- WHAT YOU WILL DO
Set down, exactly and with no pictures, the line that contains "Կարտոֆիլի միջուկը պետք" and all lines after it in the listing.

- SOURCE DATA
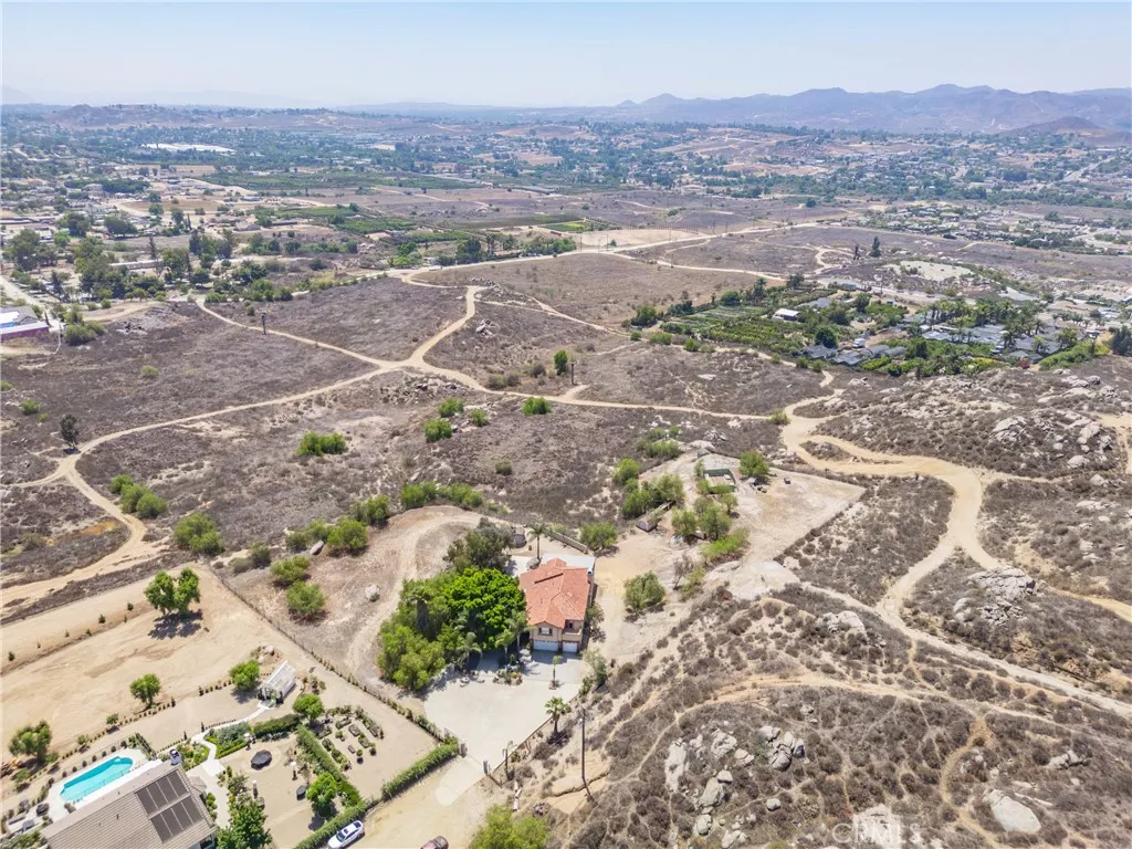 Custom home on 2 ACRES in WOODCREST! This custom-built 5 Bedroom, 3 Bath estate is nestled in the heart of Woodcrest. This property offers privacy, panoramic views from TWO balconies & a lavish master SUITE. The large KITCHEN features custom cabinets, an island with built-in sink and plenty of storage for a clutter-free home. The living room features a wet bar with a prep sink. The abundant natural light and vaulted ceilings create an inviting atmosphere featuring TWO cozy fireplaces. A convenient downstairs bedroom and full bath make multigenerational living possible. The regal staircase leads to FOUR bedrooms upstairs. Double doors open to a primary suite with a private balcony and breathtaking views of the backyard. The luxurious ensuite bathroom features a large walk-in closet and soaking tub with separate shower. Two bedrooms share a Jack-and-Jill bath with double sinks. A spacious balcony overlooking the front yard connects two of the bedrooms. Includes custom chicken coops, an area for horse keeping with water nearby and a variety of mature FRUIT trees. The covered patio and BBQ ISLAND are perfect for entertaining. Plenty of space for a Workshop or RV/Boat storage. The agricultural zoning allows flexibility for equestrian & livestock uses. Plenty of space for ADU or 2nd Dwelling. Enjoy breathtaking sunset and mountain views in an area known for tranquility, open skies, and space to thrive. LOW property taxes, excellent schools, and easy access to all the essentials. This home can bring YOUR dreams to life. Schedule your private tour TODAY!
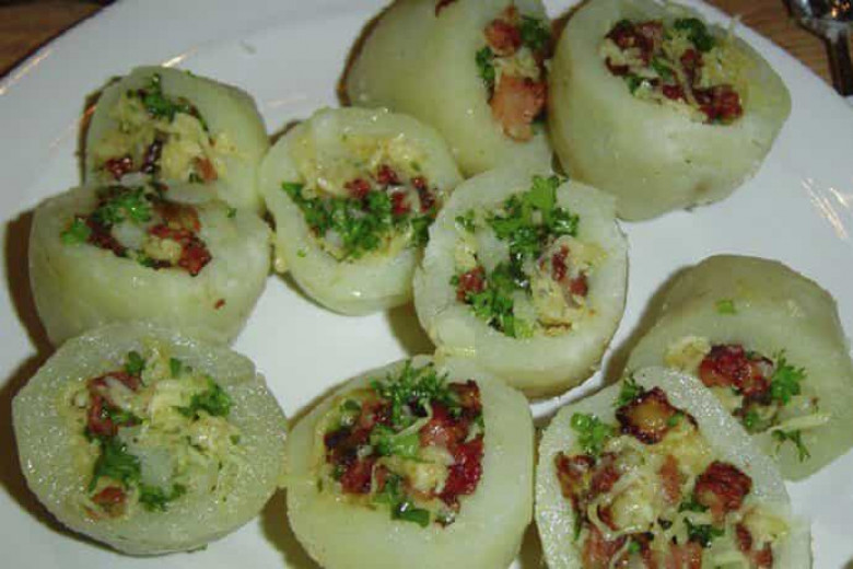 Կարտոֆիլի միջուկը պետք է տրորել և ավելացնել կտրատված կանաչիով, տապակած խոզապուխտով և քերած պանրով խառնուրդին։
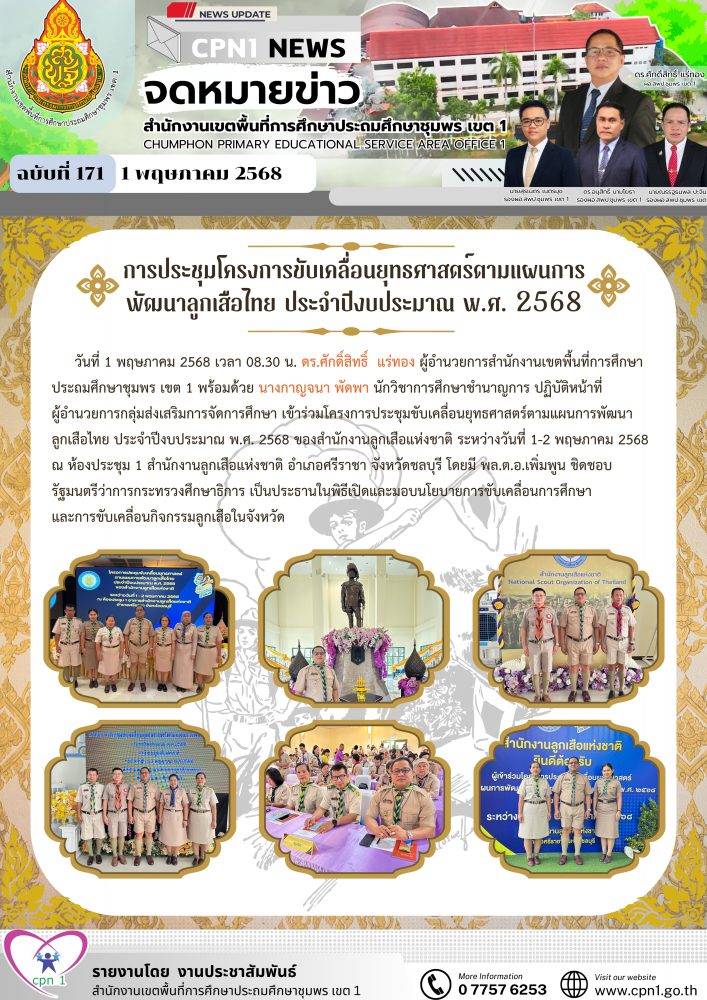 วันที่ 1 พฤษภาคม 2568 เวลา 08.30 น. ดร.ศักดิ์สิทธิ์ แร่ทอง ผู้อำนวยการสำนักงานเขตพื้นที่การศึกษาประถมศึกษาชุมพร เขต 1 พร้อมด้วย นางกาญจนา พัดพา นักวิชาการศึกษาชำนาญการ ปฏิบัติหน้าที่ ผู้อำนวยการกลุ่มส่งเสริมการจัดการศึกษา เข้าร่วมโครงการประชุมขับเคลื่อนยุทธศาสตร์ตามแผนการพัฒนา ลูกเสือไทย ประจำปีงบประมาณ พ.ศ. 2568 ของสำนักงานลูกเสือแห่งชาติ ระหว่างวันที่ 1-2 พฤษภาคม 2568 ณ ห้องประชุม 1 สำนักงานลูกเสือแห่งชาติ อำเภอศรีราชา จังหวัดชลบุรี โดยมี พล.ต.อ.เพิ่มพูน ชิดชอบ รัฐมนตรีว่าการกระทรวงศึกษาธิการ เป็นประธานในพิธีเปิดและมอบนโยบายการขับเคลื่อนการศึกษา และการขับเคลื่อนกิจกรรมลูกเสือในจังหวัด

- THE COMPLETED TASK
 Կարտոֆիլի միջուկը պետք է տրորել և ավելացնել կտրատված կանաչիով, տապակած խոզապուխտով և քերած պանրով խառնուրդին։
 วันที่ 1 พฤษภาคม 2568 เวลา 08.30 น. ดร.ศักดิ์สิทธิ์ แร่ทอง ผู้อำนวยการสำนักงานเขตพื้นที่การศึกษาประถมศึกษาชุมพร เขต 1 พร้อมด้วย นางกาญจนา พัดพา นักวิชาการศึกษาชำนาญการ ปฏิบัติหน้าที่ ผู้อำนวยการกลุ่มส่งเสริมการจัดการศึกษา เข้าร่วมโครงการประชุมขับเคลื่อนยุทธศาสตร์ตามแผนการพัฒนา ลูกเสือไทย ประจำปีงบประมาณ พ.ศ. 2568 ของสำนักงานลูกเสือแห่งชาติ ระหว่างวันที่ 1-2 พฤษภาคม 2568 ณ ห้องประชุม 1 สำนักงานลูกเสือแห่งชาติ อำเภอศรีราชา จังหวัดชลบุรี โดยมี พล.ต.อ.เพิ่มพูน ชิดชอบ รัฐมนตรีว่าการกระทรวงศึกษาธิการ เป็นประธานในพิธีเปิดและมอบนโยบายการขับเคลื่อนการศึกษา และการขับเคลื่อนกิจกรรมลูกเสือในจังหวัด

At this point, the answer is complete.